Implementation considerations
Good-quality sputum specimens are necessary to ensure that laboratories can diagnose TB properly. In addition, laboratories should have sufficient space to ensure the quality, safety and efficiency of the services provided to clients whose samples are tested, and to ensure the safety of laboratory personnel, patients and visitors (120). Some countries experience difficulties with the implementation and quality assurance of sputum culture, which affects this recommendation because it is dependent on access to quality-assured laboratories that can offer TB culture. Sputum smear and culture examinations are also dependent on the quality of the sputum produced, so care should be taken to obtain adequate specimens and transport them to the laboratory according to standard procedures, to maintain the viability of the bacilli and thus obtain a valid culture result.
In programmatic settings, the practitioner treating MDR-TB patients is typically guided not only by bacteriological tests but also by markers of response to treatment or of disease progression, such as the patient’s general condition, weight gain over time, resolution of disease manifestations, blood indices and results of imaging (e.g. chest radiography). The potential use of Xpert MTB/RIF assay in monitoring treatment response has yet to be determined (121, 122).

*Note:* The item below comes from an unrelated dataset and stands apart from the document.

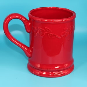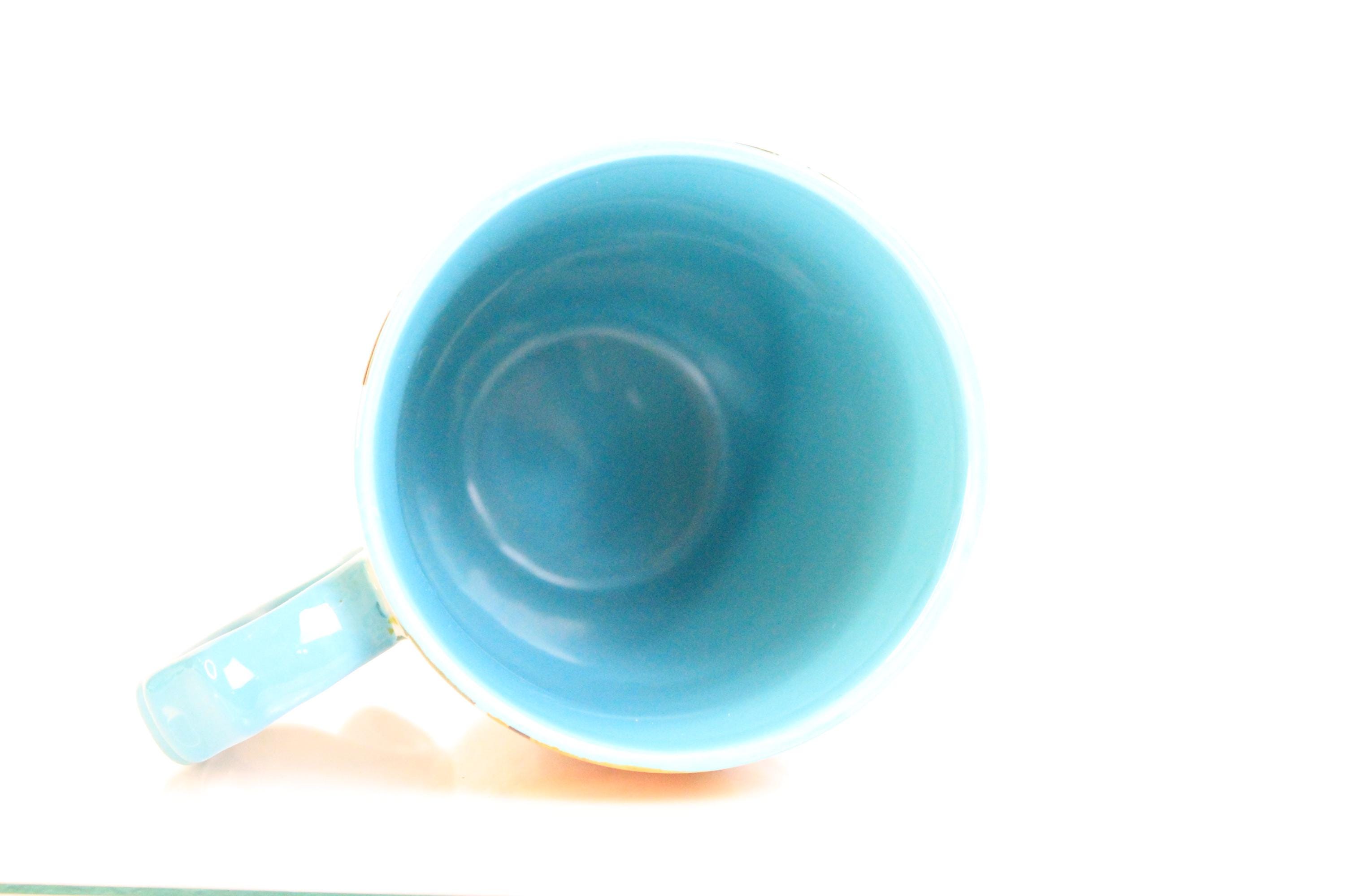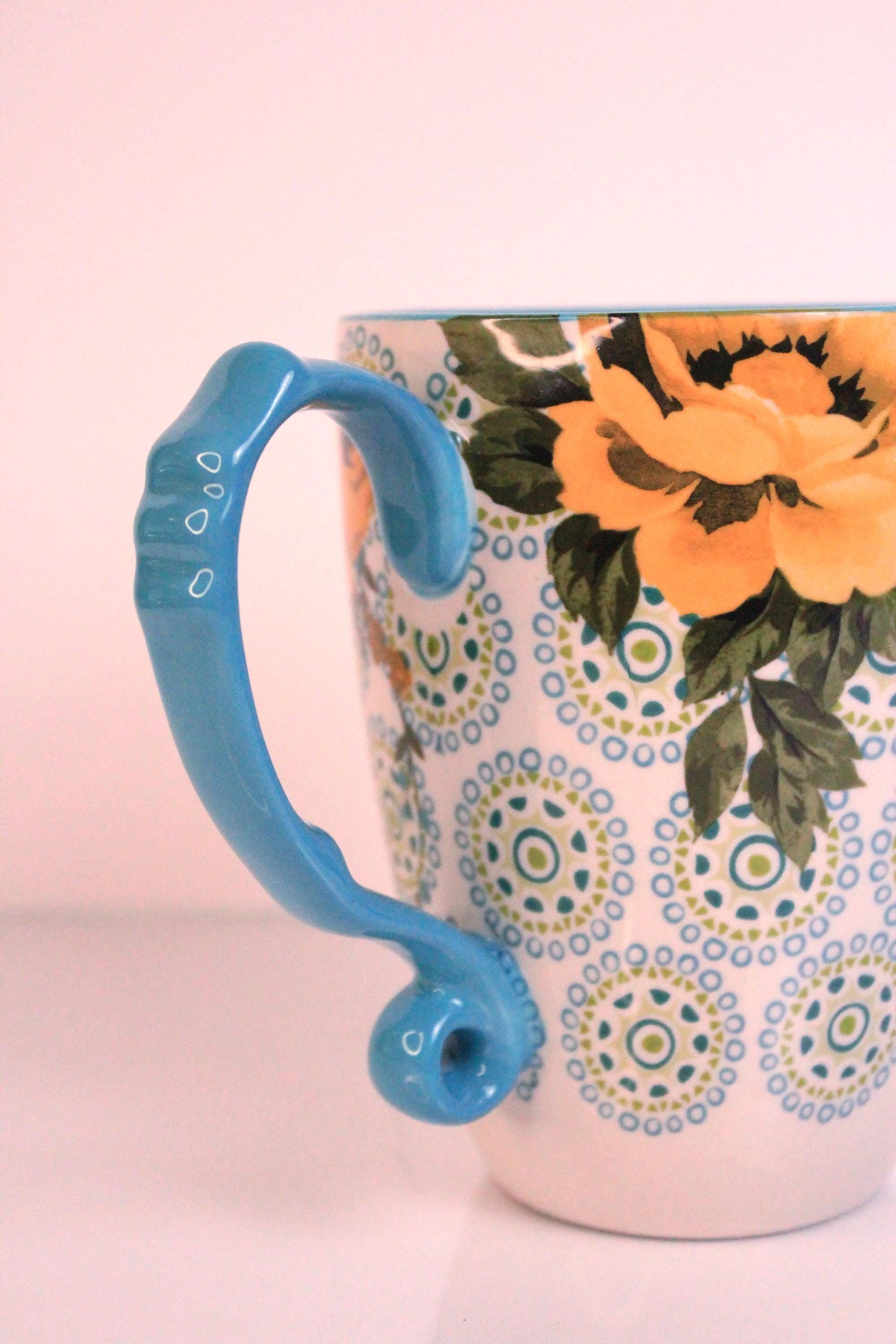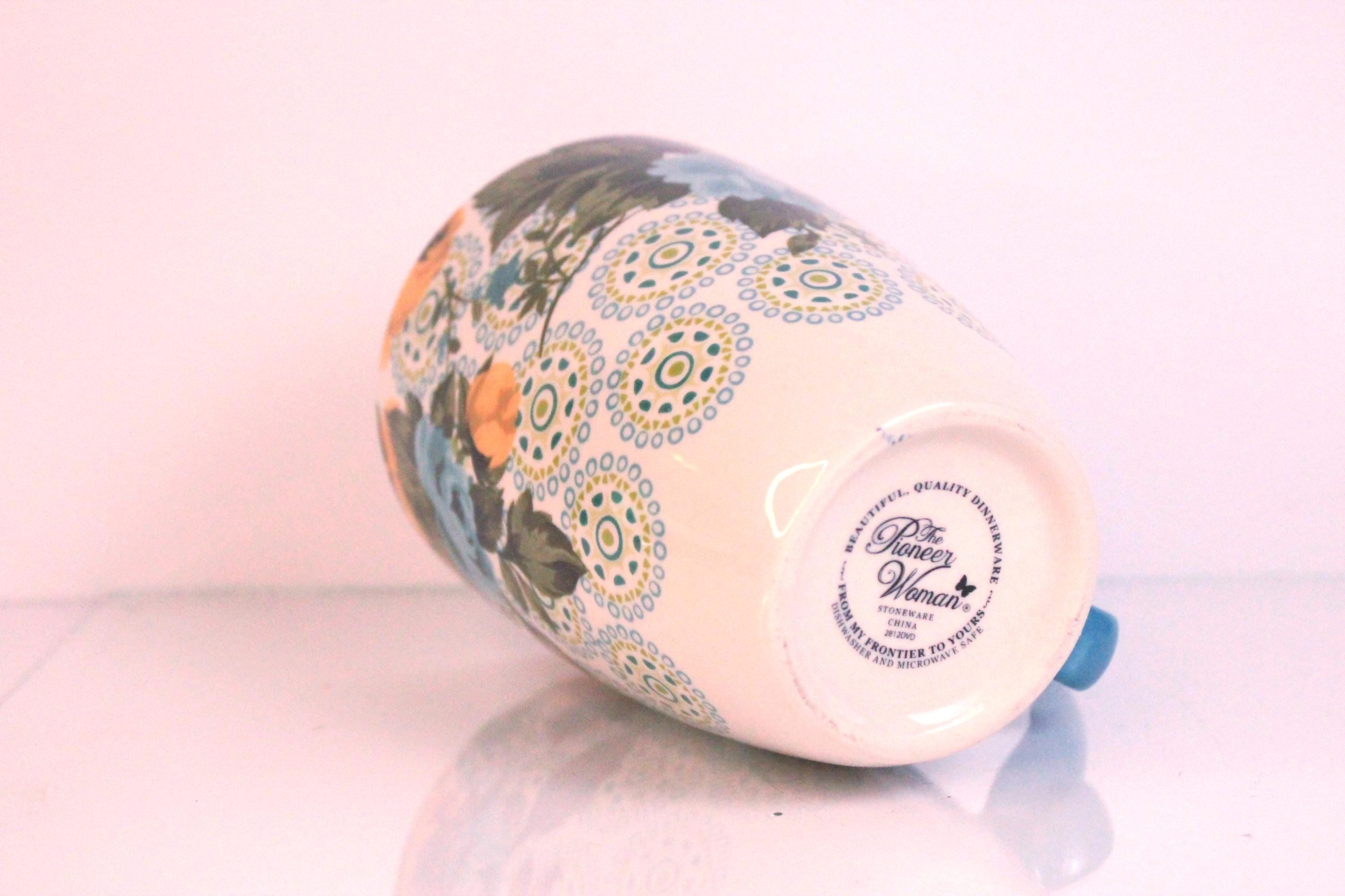 Pioneer Woman Rose Shadow 24 oz Floral Jumbo Latte Mug. This is a beautiful vibrant floral pattern with blue and yellow flowers. The inside of the mug is the very pretty turquoise blue, the same as the handle. Even the handle is pretty to look at! It is a large capacity for your favorite beverage. Made in durable stoneware, it is both microwave and dishwasher safe.

The implementation of more frequent microbiological testing would require appropriate resources to be made available, both for the laboratories undertaking the tests and for the patient, who may have to spend more time visiting the facilities and, at times, pay for the testing. Patient values and preferences need to be considered to ensure a more acceptable service and patient-centred delivery of care. Increased monitoring should not be done at the expense of overburdening the laboratory services or upsetting health equity by displacing resources from other essential components of the programme.
Monitoring and evaluation
Culture and microscopy results for tests performed in patients on MDR-TB treatment should be captured in the second-line TB treatment register as well as the respective laboratory registers (94). Sometimes these registers may exist as part of an electronic laboratory or patient information system, which makes it much easier for multiple users to access the data in real time and can also help to limit errors. It is important for the programme manager to assess the records in the second-line TB treatment register for completeness of testing using both culture and sputum smear microscopy, any discordance between the two modalities, and whether decisions on regimen changes or assignment of outcome are coherent (e.g. does a case have sufficient negative culture test results available to be classified as “cured”?). Performance indicators help to improve the quality of care; such indicators include contamination rates, turnaround times and proportion of culture tests done without results being recorded in the patient information system. In the case of repeated positive cultures, repeat testing for drug susceptibility or resistance is important.